Lengthy follow-up on XPointer and XML Schema from Henry S. Thompson on 2002-07-18 (www-xml-schema-comments@w3.org from July to September 2002)

From: Henry S. Thompson <ht@cogsci.ed.ac.uk>
Date: 18 Jul 2002 15:02:46 +0100
To: www-xml-schema-comments@w3.org
Message-ID: <f5b3cuh5e2h.fsf@cogsci.ed.ac.uk>
Eric van der Vlist <vdv@dyomedea.com> writes:

> On Wed, 2002-07-17 at 18:30, Henry S. Thompson wrote:
> 
> > We could do that, but it would be wrong (in my view).  Wrong because
> > it violates locality -- a barename link with name XYZZY is to what the
> > _target_ establishes as is its XYZZY ID, not the source.  
> 
> Can you clarify what you are calling the source and what you are calling
> the target?

Sorry not to be clearer, let me try to be as precise as I can.

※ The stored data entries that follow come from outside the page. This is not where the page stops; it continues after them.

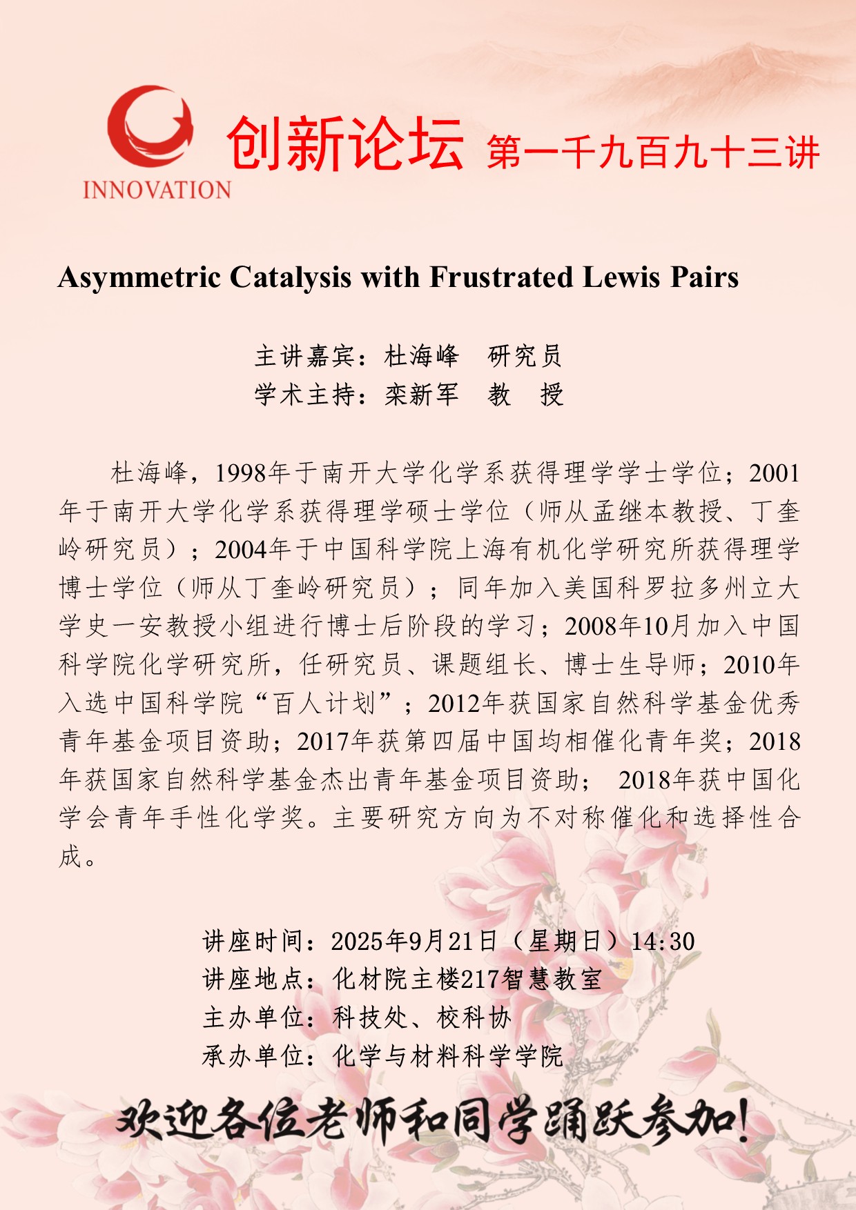 杜海峰 研究员 伟德国际1946源于英国创新论坛第一千九百九十三讲:Asymmetric Catalysis with Frustrated Lewis Pairs 讲座时间 2025年9月21日(星期日)14:30 讲座地点 化材院主楼217智慧教室 讲座人介绍 杜海峰 研究员 讲座内容
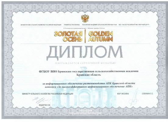 Серебряная медаль завоевана коллективом ученых под руководством доктора с.-х. наук, профессора Владимира Ефимовича Торикова «За информационное обеспечение растениеводства АПК Брянской области».
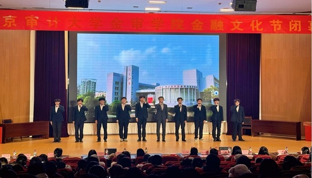 由学院学生自编自演的话剧《红色金融映初心》将现场气氛推向高潮。作品以中国共产党百年奋斗历程为背景,通过“建党”“工人运动”等历史片段,生动呈现了党领导下金融事业发展的初心与使命。演出情感真挚、构思巧妙,在专业教育与课程思政融合方面作出了创新示范,赢得全场热烈共鸣。

   *source*---An XML document containing an remote absolute http-scheme
   URI reference (call this *ref*) which includes a (shortform) fragment
   identifier XYZZY (call this the *idref*)

   *user agent*---The application/machine which issues the GET request for
   *ref*

   *server*---The application handling the GET request at the machine
   identified by domain name part of *ref*

   *target document*---The XML (i.e. the *server* believes it is of
   mime type text/xml or application/xml or . . ., given any accept
   header parameterisations sent along with the GET for *ref*)
   document identified by *ref*, ignoring the fragment identifier part
   thereof, as returned by the *server* in reply to the GET request
   for *ref*

   *TDI*---The representation of the infoset of the *target document*
   constructed by the *user agent*

   *intended target*---The element information item in *TDI* intended
   by the author of *source* as the referent of *ref* (including *idref*)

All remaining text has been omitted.